I am wanting to make an offer on a boat. In the past I just wrote a check after a test drive and presto chango I had a boat.



Below is the language I thought would cover me for an offer to purchase. Any ideas or suggestions appreciated.



The buyer (me) offers to purchase the following vessel (description of vessel) in the amount of ( insert offer here) provided the following contingencies are met.



1. A sea trial of said vessel with the results being to the buyer's satisfaction.



2. A marine survey by a certified surveyor that meets or exceed buyers expectations. 



This offer is valid until ( date and time).



Edit: I meant to add in a personal briefing of all operating systems on vessel by seller to buyers.


----------



## X-Shark (Oct 3, 2007)

That's a good move Dave.


----------



## captken (Feb 24, 2008)

I always ask to see maintenence records. Records accompanied with receipts (dated) will give you an idea how well the boat has been treated. Engine hours and maintenence performed at suggested time should help with your decision.

I would definitely steer clear of I/Os now days. 4-Stroke outboards beat the heck out of them as do Evinrude E-teks. 

Re: Systems walk through with the owner. You can learn from a knowledgable owner. Somebody who maintains their own boat will often have a list of materials required to do routine things and often something as simple as a note re: wrench sizes can save you time.

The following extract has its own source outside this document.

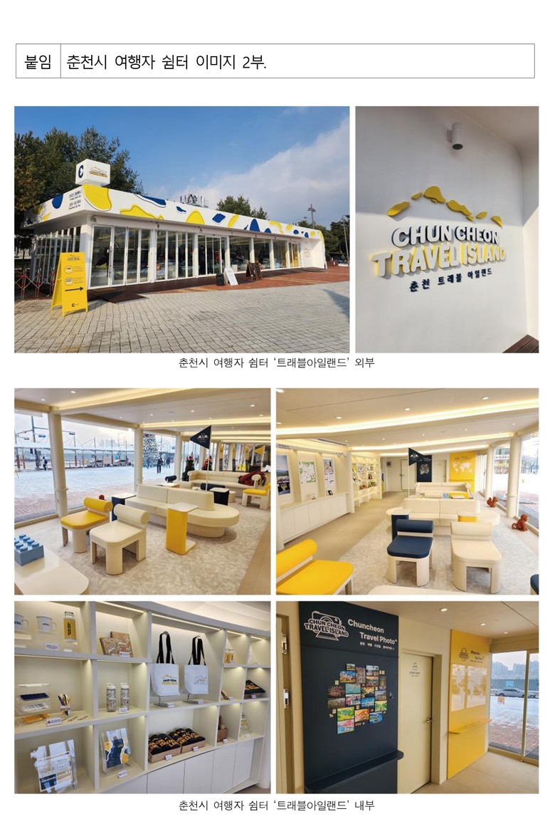 디자인진흥원은 올해 초 춘천시 위탁사업을 통해 춘천역 인근에 운영이 중단된 명품관 건물을 여행자 쉼터 ‘춘천트래블아일랜드’로 새롭게 조성했다. 춘천트래블아일랜드 조성 이후, 기존에 다소 삭막했던 춘천역 광장은 다양한 관광객과 시민들의 발길이 이어지며 활기를 띠고 있다.
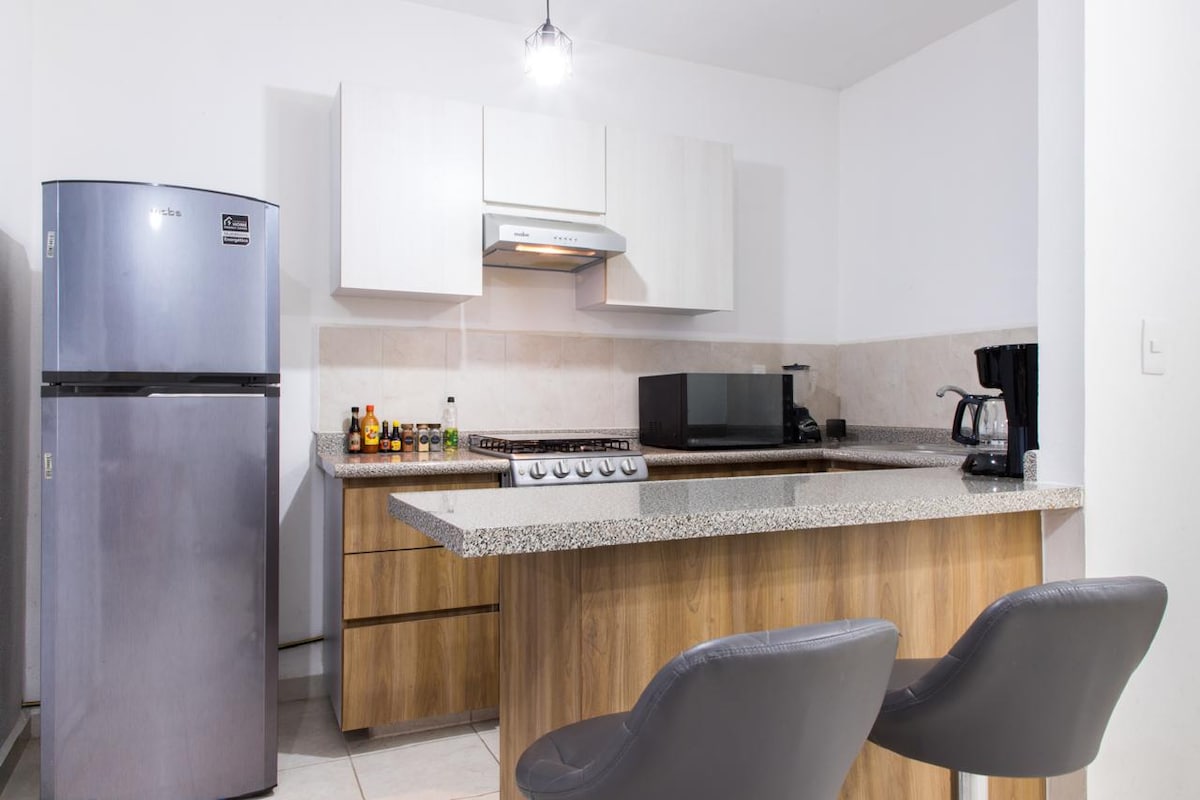 Relaxează-te cu întreaga familie la această cazare de la etajul Baja, unde liniștea este respirabilă. Vei găsi confortul și liniștea cu tot ce ai nevoie pentru a te simți ca acasă. Centru comercial și multe restaurante în apropiere, lângă parcul acvatic Inbursa. Are aer condiționat în toate dormitoarele, living, sufragerie și bucătărie. DOTĂRI: club de terasă, Asadores, piscină, teren de sport și jocuri pentru copii. SECURITATE: are supraveghere pentru a intra în seminar.

You can get severely screwed if you aren't careful. Look for obvious clean-ups and touch-ups. They might be a hint of a problem hastily covered up.

It would be an excellent idea to talk to an attorney if the boat is a large expense that could potentially strap you financially.

Somewhere in one of my e-books I have a blurb on boat buying. I'll look it up and post it.


----------



## David Ridenour (Sep 28, 2007)

Thanks guys. Captken, this is a houseboat and it comes with twin mercruiser I/Os so outboards aren't an option on this boat. We are currently in negotiations as I type. My concern is having a contract that covers me in the event I need to back out for an unforseen issue with the boat. Good tip on the service records. I asked a lot of questions but didn't ask for records or receipts. If we make the deal I'll post pics of our "new" boat.



If anyone else has any advice we're open to suggestions.


----------



## pdog (Aug 22, 2008)

If boat will be financed, add in contract: Contingent upon purchaser aquiring suitable financing. Gives you another way out if you need it.


----------



## Tuna Man (Oct 2, 2007)

> *pdog (9/22/2008)*If boat will be financed, add in contract: Contingent upon purchaser aquiring suitable financing. Gives you another way out if you need it.


Just a note....David already bought a houseboat a few days ago.

http://www.fishthebridge.com/fishingforum/Topic185033-2-1.aspx


----------